Notice where the bucket handles attach on the bottom left of page 84. The difference is due to the forms converging to vanishing points. Just like a box's edges, the length of rim closer to the viewer will be larger and the further will be smaller, causing the discrepency.

edit:

As for how to more accurately place the inner circle, you could do a plan projection of both confining squares like the diagrams show here: https://www.joshuanava.biz/technical/i-hli.html That would be the most accurate, but it is a lot of work.

Or decide where one corner of the inner plane is located, then mirror that one corner's location to the 3 otherspots by using the parent plane's diagonals. A square's corners, when centered in another square should always fall on the larger square's diagonals and the corrosponding sides should be parallel. So you can get by with picking a point on a diagonal, drawing the side of you box to the corrospoing side's vp, see where that new side intersects the next diagonal, and repeat. When you get the inner square mapped you can draw in a smaller ellipse the same way you did the larger.
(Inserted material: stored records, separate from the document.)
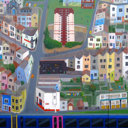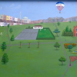 Two mural panels installed at Bedminster Station, one depicting Windmill Hill, the other depicting Victoria Park, in Bristol. This design was chosen by local residents, from three Bill submitted. It was commissioned by Severnside Community Railway Partnership.
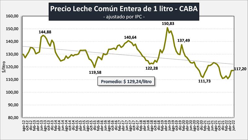 Según datos publicados por la Dirección General de Estadísticas y Censos - Ministerio de Hacienda del Gobierno de la Ciudad de Buenos Aires, los precios de los productos lácteos de esta canasta, tuvieron un crecimiento mensual promedio ponderado del 5,5%, en el primer semestre del año del 39,4%, e interanual del 64,1%. El ponderado es elaborado por OCLA sobre el mismo criterio mencionado para la canasta GBA de INDEC.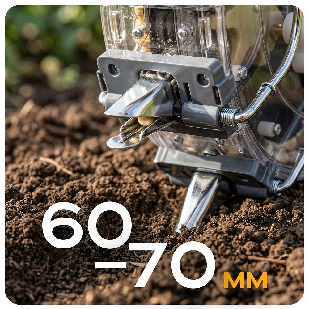Podešavate dubinu i razmak, tako da možete prilagoditi sjetvu kukuruzu, grahu, grašku ili soji. Dobivate univerzalni alat za različite kulture bez potrebe za promjenom uređaja. Sijačica sije 1-2 sjemena na istom razmaku, zahvaljujući čemu biljke imaju optimalne uvjete za rast. Postići ćete manji gubitak materijala i predvidljivije rezultate bez potrebe za ispravljanjem redova. Opcija podešavanja dubine od 60–70 mm omogućuje prilagodbu sjetve vrsti tla i sjemena.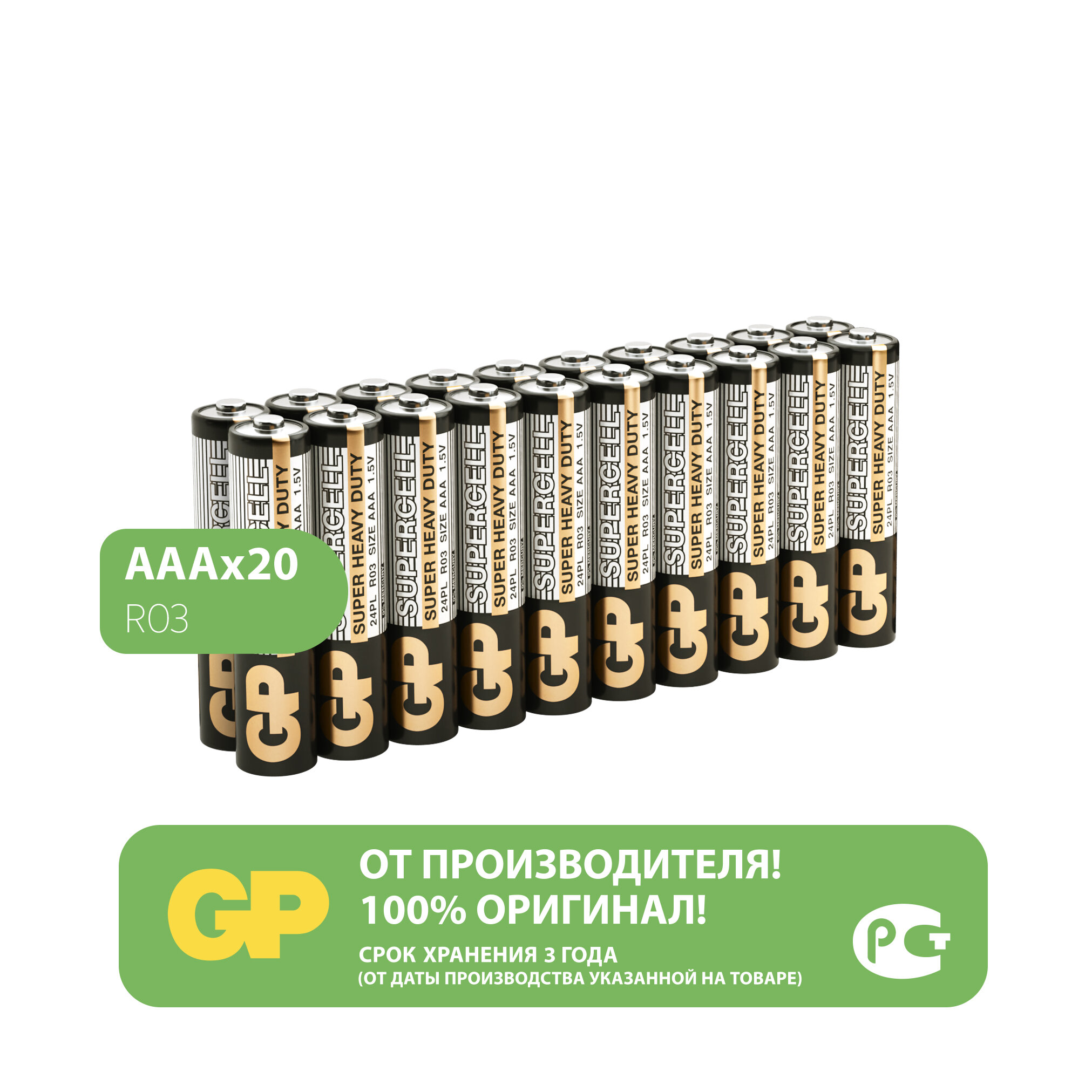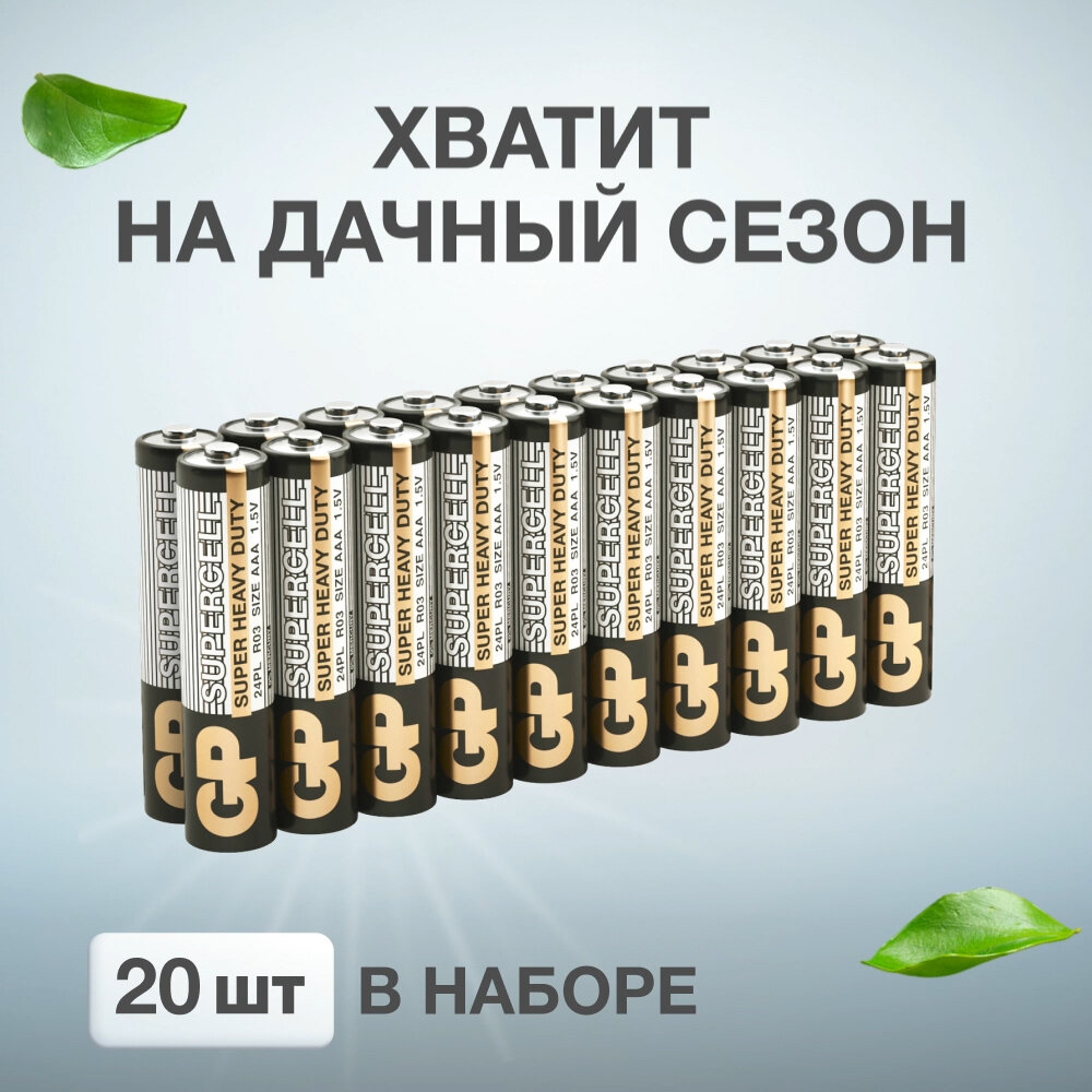 Батарейки ААА мизинчиковые солевые GP 24PLEBRA, 1.5 В, LR-03, набор 20 шт. интересное:

Your assessment there is more or less correct - the ellipse inside would need to be shifted back slightly, and in order to maintain the minor axis' alignment to the vanishing point, its orientation would have to shift a little as well. The degree does remain the same, however. I've done a little analysis of your image here. The X's mark the center of each ellipse, and the points along the outside represent the minor and major axes. The fainter red ellipse is drawn around the blue ellipse's center (no offsetting), and the green one is offset correctly.

While it is true that Drawabox focuses on 'close enough', this was technically an unnecessary mistake on my part, so I'll keep it in mind when I get around to rerecording the wheel challenge demo.